Bordwell is the Jacques Ledoux Professor Emeritus of Film Studies at the University of Wisconsin-Madison. He taught film history and aesthetics there from 1973 to 2005, when he retired. He received his doctorate from the University of Iowa in 1974. He has received grants from the American Council of Learned Societies, the Fulbright Foundation, and the Guggenheim Foundation, as well as an honorary doctorate from the University of Copenhagen. He has also won his university's Distinguished Teaching Award. He is currently president of the Society for Cognitive Studies of the Moving Image, an international association of researchers.

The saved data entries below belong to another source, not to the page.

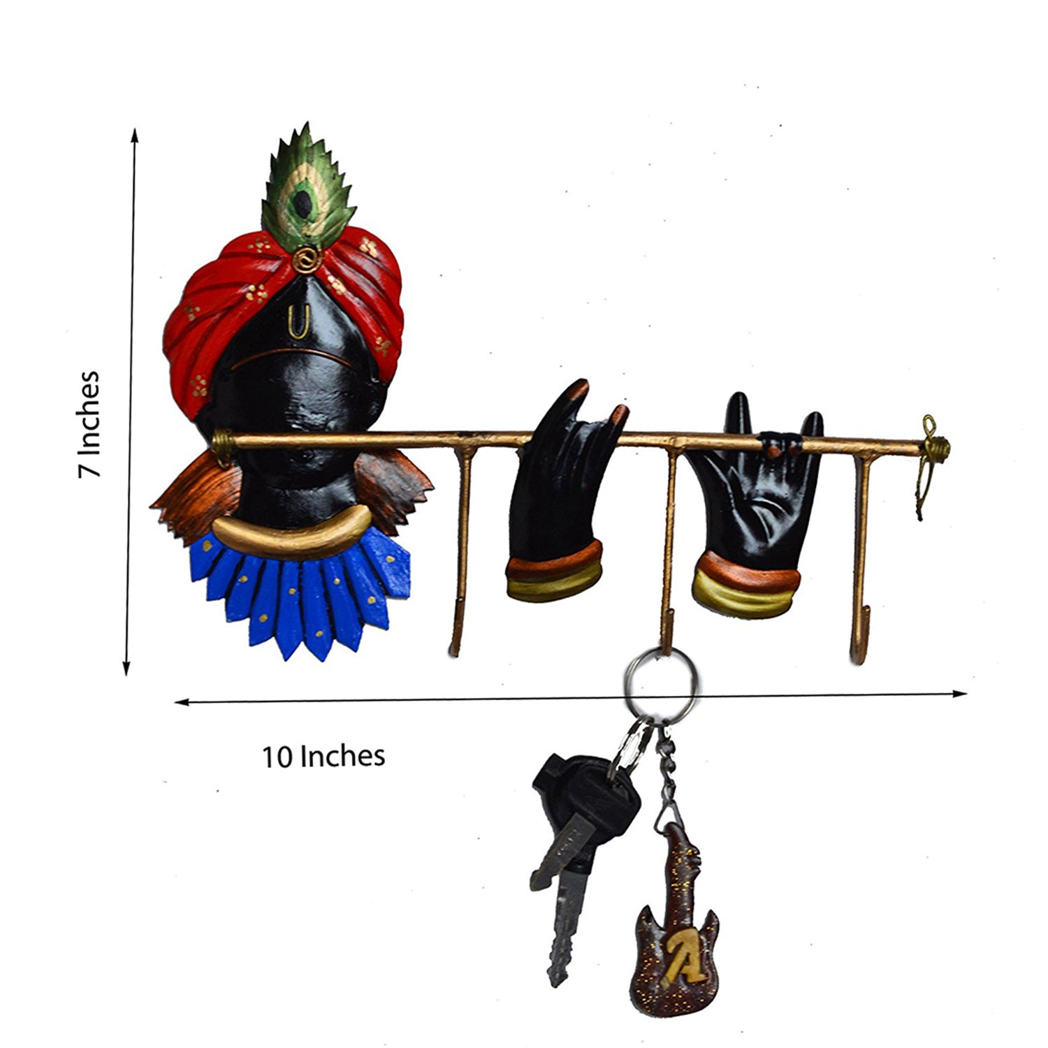 Product Description - Key holder always held a very important part in everyone's home and are also available in various forms. Our "Wrought Iron Lord Krishna Key Holder" that comes in red, blue, green and black color is the best for you if you have a traditional home décor. The key knobs have been carefully designed to hold your keys. These key holders stand as a great gifting option for your family and friends for various events. You can find many such key holders in different types on our online portal. These key holders are handcrafted using various inherited techniques by the artisans at the house of eCraftIndia.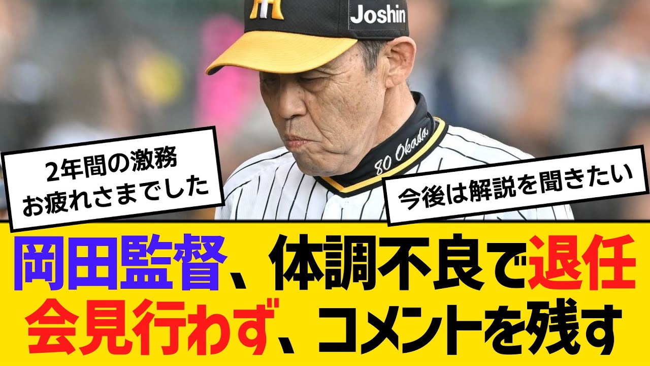阪神・岡田監督、体調不良で退任会見行わず、ファンにコメントを残す 【ネットの反応】【反応集】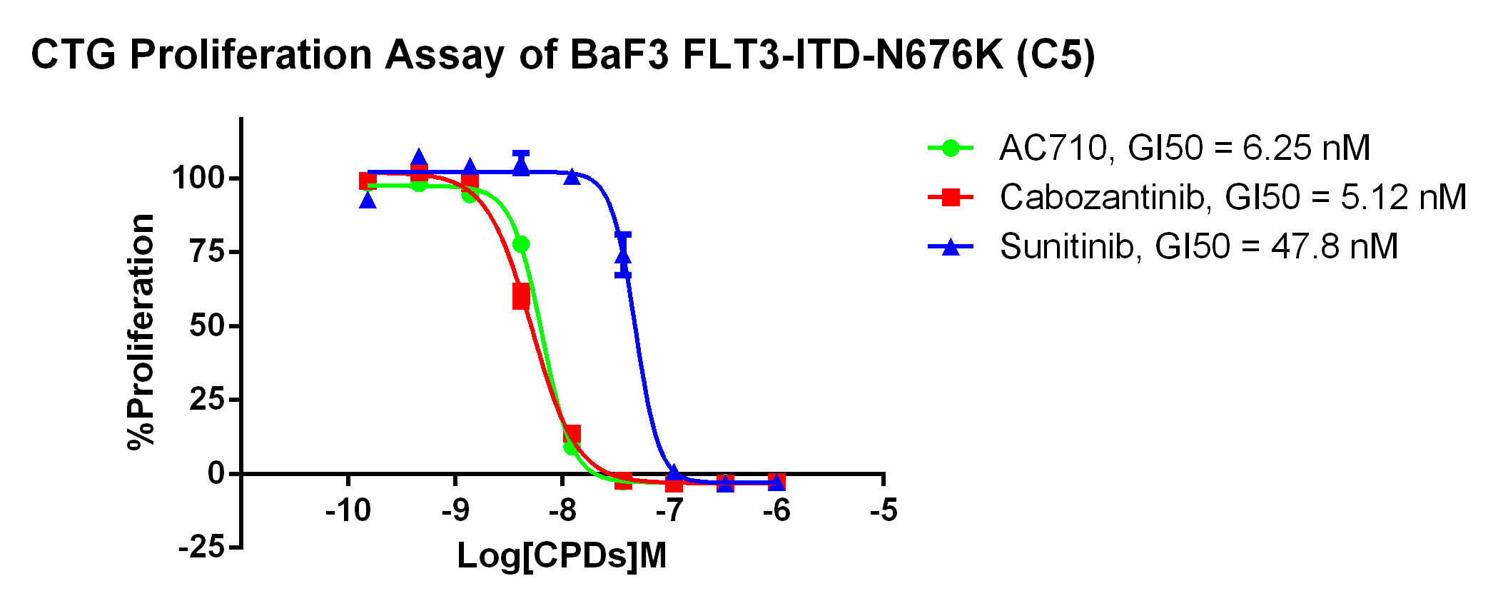 Figure 2. Anti-proliferation assay of two reference compounds on the FLT3-ITD [N676K]/BaF3 Stable Cell Line. |

His work concentrates on what he calls the "poetics of cinema." This involves understanding the principles that govern filmmakers' creative choices and viewers' responses. This framework has led him to study individual filmmakers, national cinemas (particularly American film and Hong Kong film), and film form and style. His books Narration in the Fiction Film and The Way Hollywood Tells It concentrate on cinematic storytelling. Other books have focused on historical changes in film technique, as in On the History of Film Style and Figures Traced in Light: On Cinematic Staging. His research has also been identified with a broader trend toward explaining cinematic effects within the framework of principles of cognitive psychology.
At https:www.davidbordwell.net, Bordwell offers several essays, interviews and links. On the same site, he writes a regular blog with Kristin Thompson, his wife and a frequent collaborator. Among their joint publications are two textbooks, Film Art: An Introduction and Film History: An Introduction.